# Remembering Spring.



## John_O (Dec 1, 2012)

With winter coming for most of us, here are a few my spring time images.


----------



## Gumby (Dec 1, 2012)

These are excellent, John!  Really nice.


----------



## John_O (Dec 1, 2012)

Thank you!


----------



## tepelus (Dec 1, 2012)

Very nice. I especially like the butterfly.


----------



## Abbey08 (Dec 1, 2012)

My favorite also is the butterfly, mainly because there is the flower to the left of it that gives the image a sense of place. Very nice.

Lorraine


----------



## John_O (Dec 1, 2012)

Thank you Lorraine


----------



## John_O (Dec 1, 2012)

tepelus said:


> Very nice. I especially like the butterfly.



tepelus, your avatar would make an awesome tattoo!!!  It would be a  very nice back peice! LOL


----------



## vangoghsear (Dec 2, 2012)

Nice closeup photography.


----------



## John_O (Dec 2, 2012)

Thanks!


----------



## dolphinlee (Jan 5, 2013)

I think that these are particularly wonderful. 

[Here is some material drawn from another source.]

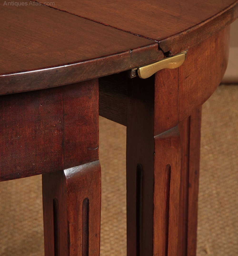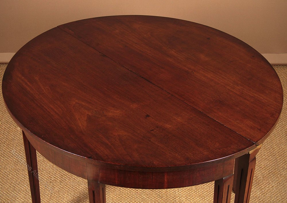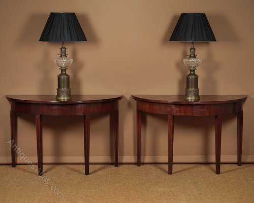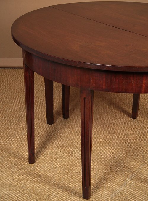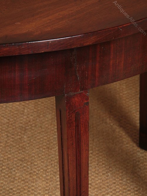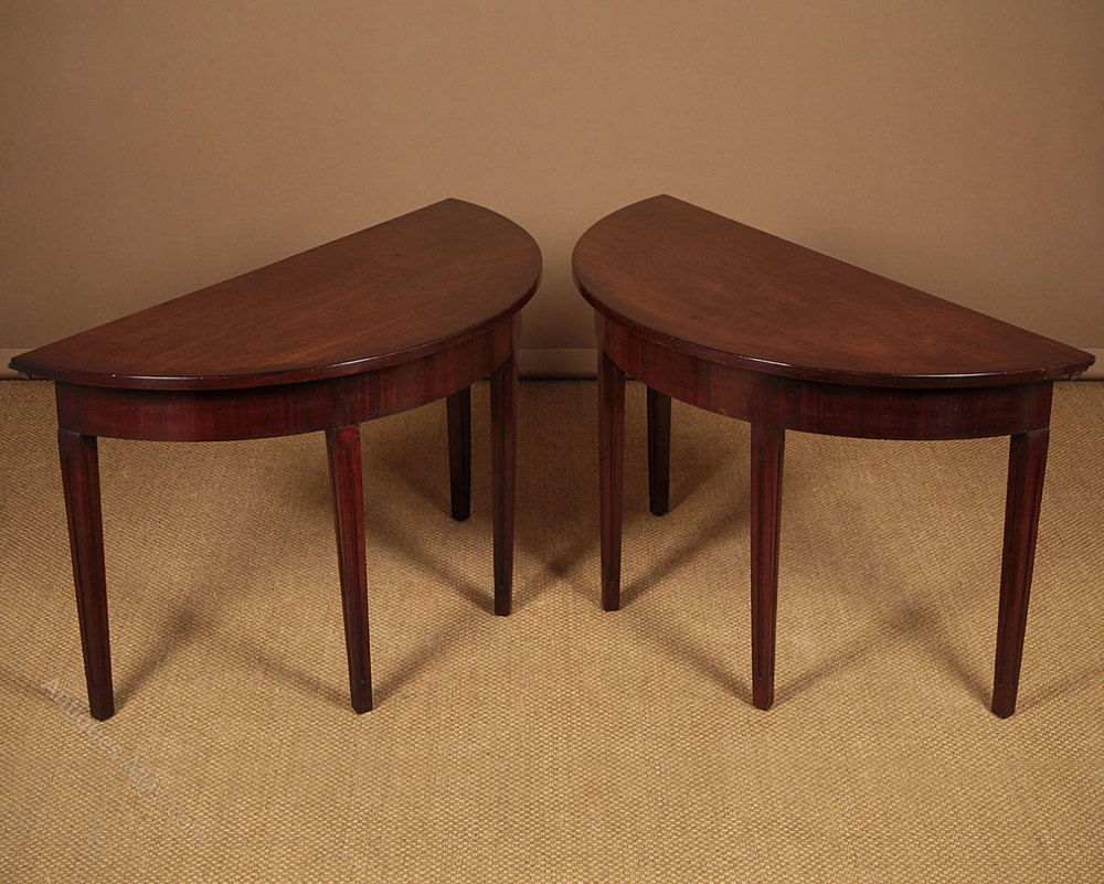 Pair of George III mahogany side antique tables c.1810. Semi circular tables with superb solid mahogany tops over crossbanded aprons. Raised on tapering square legs with flutes to the front and sides. Ideal as a pair of console tables or can be pushed together to make a circular table for four held together with brass clips. Repairs to the feet and at the top of one of the legs. Otherwise good condition, solid and sturdy with particularly good colour. Cleaned and waxed in our workshops.
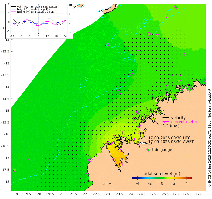 11cm/s -45T +10cm/s rms + 1cm/s 1T. NWSBRW 205m 11cm/s -35T +11cm/s rms + 6cm/s -110T. NWSROW 199m 20cm/s -30T +5cm/s rms + 2cm/s 65T. CAM050 58m 16cm/s -34T +12cm/s rms + 5cm/s 92T. CAM100 99m 4cm/s -46T +7cm/s rms + 1cm/s -85T. KIM400 396m 8cm/s -48T +9cm/s rms + 5cm/s -119T. KIM200 208m 15cm/s -37T +11cm/s rms + 5cm/s -147T. KIM100 99m 14cm/s -53T +8cm/s rms + 3cm/s -103T. KIM050 59m 11cm/s 6T +4cm/s rms + 2cm/s 23T. TIMORS88 91m 45cm Imperieuse Reef 5cm Mermaid Reef 5cm Broome 8cm Cape Baskerville -3cm Red Bluff 18cm Cape Boileau 18cm Scott Reef (WA) 28cm Ashmore Reef 67cm Karrakatta Bay 72cm Sunday Island 166cm Valentine Island 179cm Derby 151cm Port Usborne 52cm Bedford Islands 43cm Yampi Sound (Koolan Island) 97cm Macleay Island 46cm Adele Island 5cm Browse Island 65cm Shale Island 63cm Lizard Island 33cm Hall Point 33cm Degerando Island 10cm White Island 39cm Skua No. 4 Well 49cm Jabiru 25cm Maret Island 9cm Baudin Island 21cm Cape Voltaire (Krait Bay) 48cm Dillon Shoal 14cm Laminaria 23cm Port Warrender 47cm Troughton Island 31cm Cassini Island 25cm West Holothuria Reef Offshore 22cm Jar Island 13cm Lynher Bank 16cm Heywood Shoal 47cm Pee Shoal 34cm Van Cloon Shoal 19cm Carronade Island 22cm Guy Point 26cm Napier Broome Bay 19cm Lesueur Island

My favourite has to be the third one of the bee's bottom. What a terrible way to describe this incredible picture. When I look at it I feel like I am flying behind the bee.


----------



## Trilby (Jan 5, 2013)

Great pictures, so clear and detailed, love the soft focus background - you must have some camera.


----------



## allyson17white (Jan 6, 2013)

pretty, pretty!


----------